Tribune Juive

Le palestinisme municipal : Bagayoko, ou la capture des symboles de la République. Par Fundji Benedict

À Saint-Denis, le micro coupé d’une élue, le drapeau palestinien hissé sur l’hôtel de ville et l’hommage rendu à Marwan Barghouti ne sont pas trois polémiques offertes, l’une après l’autre, à l’indignation des réseaux sociaux. Les séparer, c’est déjà se condamner à ne rien comprendre de ce qui les unit. Car une municipalité ne dispose ni d’armée, ni de chancellerie, ni du pouvoir de négocier un cessez-le-feu ; elle ne libère aucun prisonnier, ne dessine aucune frontière et ne décide pas de la guerre. Mais elle possède autre chose : un fronton, une salle du conseil, une écharpe tricolore, une cérémonie, une clé remise au nom de tous. Elle possède, autrement dit, les signes visibles par lesquels une cité apprend ce qui mérite d’être honoré, ce qui doit être plaint et ce qui peut être laissé dans l’ombre.

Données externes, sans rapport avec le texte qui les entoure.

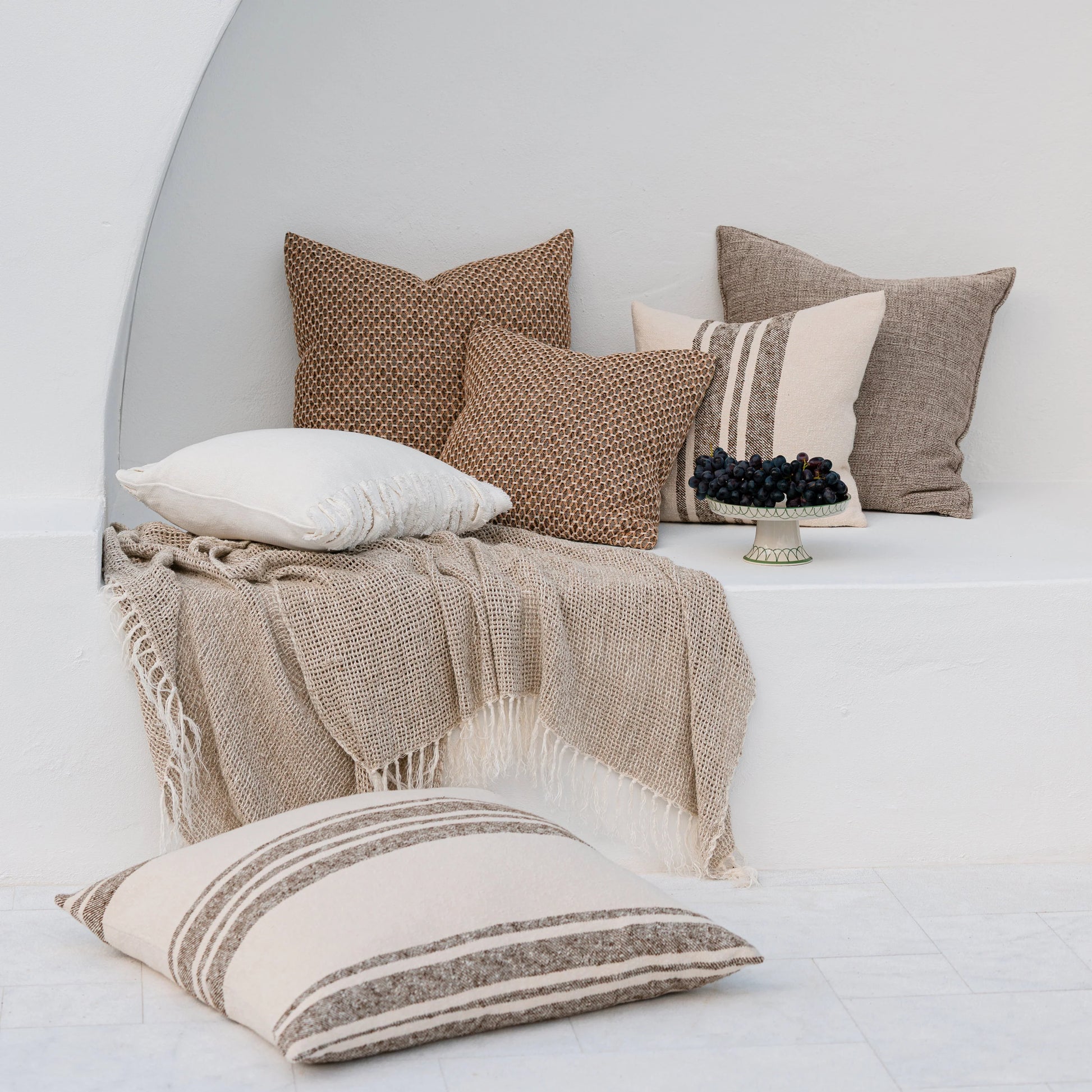 Handwoven from a lightweight linen-cotton blend, Solenne features a netted weave in natural and ivory yarns that enhances its organic character. Finished with hand-tied fringes on each side.

C’est sur ce terrain-là que se joue l’affaire de Saint-Denis. Non sur celui d’une politique étrangère municipale, expression absurde puisqu’une mairie n’a pas de politique étrangère, mais sur celui, beaucoup plus discret et beaucoup plus profond, d’une prise de souveraineté symbolique sur l’espace civique. Lorsqu’une institution locale se met à classer les causes, à disposer les morts dans un ordre de visibilité et à faire d’une souffrance la mesure de toutes les autres, elle n’administre plus seulement une ville. Elle produit un ordre moral ; elle transforme la maison commune en tribunal de respectabilité.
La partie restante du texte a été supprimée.